Alessandro Sanquirico, L'elisir d'amore, Scena 1, atto I
Ritengo che in Elisir i personaggi siano messi in rapporto contrastante con l'ambiente che li ospita. Che Nemorino ed Adina non siano più vacui caratteri, ma attori autenticamente romantici, è indubbio. Ma se guardiamo le stampe di Alessandro Sanquirico che riproducono la scenografia del 1832, abbiamo la rappresentazione di una natura pittorica, bella, armonica se non addirittura 'ideale'. L'Adour di Sanquirico riecheggia il mito dell'età dell'oro piuttosto che lo sturm del naturalismo romantico maturo: lo sento più vicino al Settecento di Fragonard che non a Caspar David Friederich, o a Turner, per intenderci.

È evidente che anche per Romani e Donizetti il tono classicheggiante dell'eloquio doveva essere elemento caratterizzante del dramma, e rivestiva almeno pari importanza dell'altro elemento evidente, la sentimentalità moderna.

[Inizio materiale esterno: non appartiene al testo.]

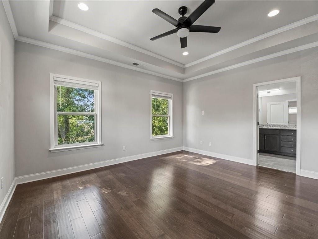 Welcome to your beautifully upgraded townhome, ideally located near entertainment, shopping, dining, Emory University, the CDC, Dekalb Medical, Marta, and Downtown plus a new Publix just around the corner! Step inside to find stunning hardwood floors throughout and a chef’s kitchen designed to impress, complete with stylish pendant lighting. The open main level features soaring 10-foot ceilings and large windows that flood the space with natural light, creating a warm and inviting atmosphere. As an end unit, this townhome offers a spacious dining and kitchen area that seamlessly flows into the family room, which leads out to a full rear deck surrounded by lush trees—perfect for relaxing or entertaining. With three levels of thoughtfully designed living space, you'll enjoy a generously sized suite on the Terrace level, along with a convenient 2-car garage that includes ample dedicated storage. Located in a small, gated community built by Water's Edge Group in 2019, this townhome truly has it all! Don’t miss your chance to experience comfortable living in this vibrant and well-connected neighborhood.
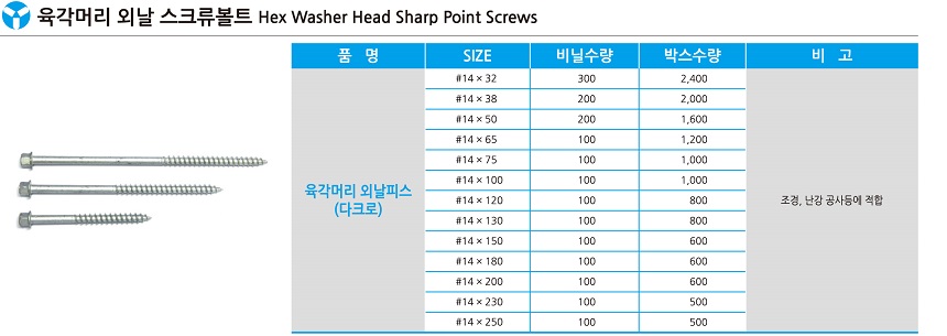 À°°¢¸Ó¸® ¿Ü³¯Çǽº #14 x 100 (1000EA/BOX) |
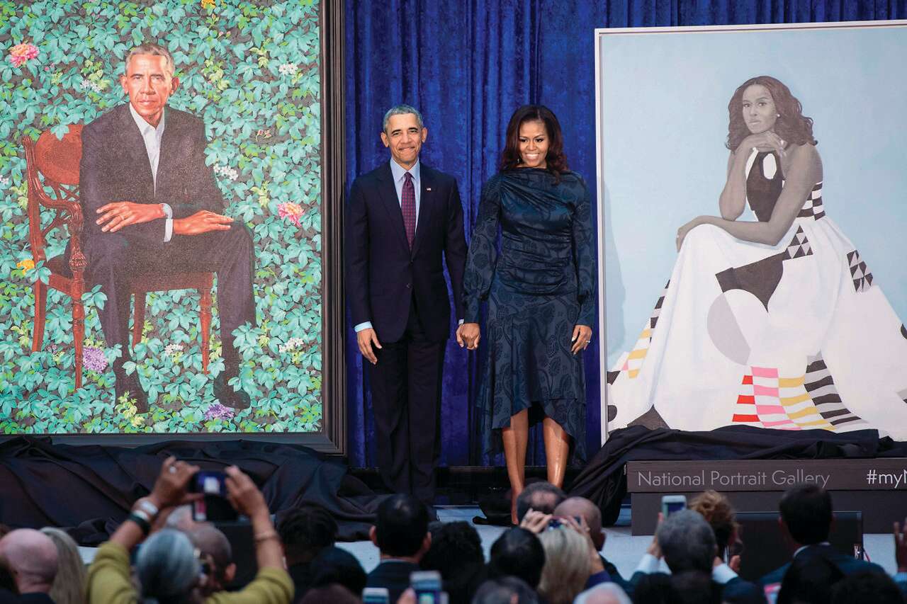 אתמול נחשפו הפורטרטים הרשמיים של הנשיא לשעבר ואשתו בגלריה הלאומית של גדולי האומה בוושינגטון • הצייר קהינה ווילי והציירת איימי שרלד, שאחראים ליצירות, ידועים בכך שהם מתכתבים ביצירותיהם עם סוגיית הגזע בארה"ב

Ora, immaginare un ambiente rurale realistico stile Albero degli zoccoli è sicuramente operazione lecita, a patto di riconoscere l'aporia fra ambiente e azione. Le fatiche, la miseria, la disperazione dei personaggi alla Ermanno Olmi, cozzano con un gruppo di popolani che bruciano sì, ma per le vampe dell'amore e non per lo sfinimento della mietitura. Ho dunque cercato un'altra direzione, pur storicizzata dal punto di vista visivo. Ho pensato di tradurre l'altezza del tono tingendo la vicenda con costumi dichiaratamente primo ottocenteschi, citando i climi del neoclassicismo francese. I nobili, antiquari possedimenti di Adina sono il luogo in cui agiscono i 'cortigiani' d'una ricca ed erudita padrona di casa. La campagna è intesa come  parco d'una villa, i contadini come lavoranti della signora: giardinieri, fioristi, artigiani, dame di compagnia. Questo mi ha consentito di tracciare visivamente, assieme allo scenografo Angelo Sala,  una sorta di piccola Arcadia, una specie di ortus concluso dalla pittura di paesaggio. Un paragone potrebbe essere fatto con alcune produzioni del pittore Philipp Otto Runge, che usa come sfondi giardini così dettagliati da diventare quasi irreali, simbolici. Runge cala, all'interno di questi contesti, personaggi veri, descritti con accesa verità d'espressione. In sostanza ho immaginato che un antico paesaggio dichiaratamente pittorico -e dunque astratto- ospitasse le moderne passioni di Nemorino. Passioni interpretate foscolianamente, senza buffoneria, e con tutta la compassione che ci è possibile accordare attraverso la musica.

Otto Runge, Noi tre
La sfida è quella di rispondere al capolavoro di Donizetti con un gesto teatrale sospeso a metà tra l'eleganza della natura e la poesia dei suoi abitanti.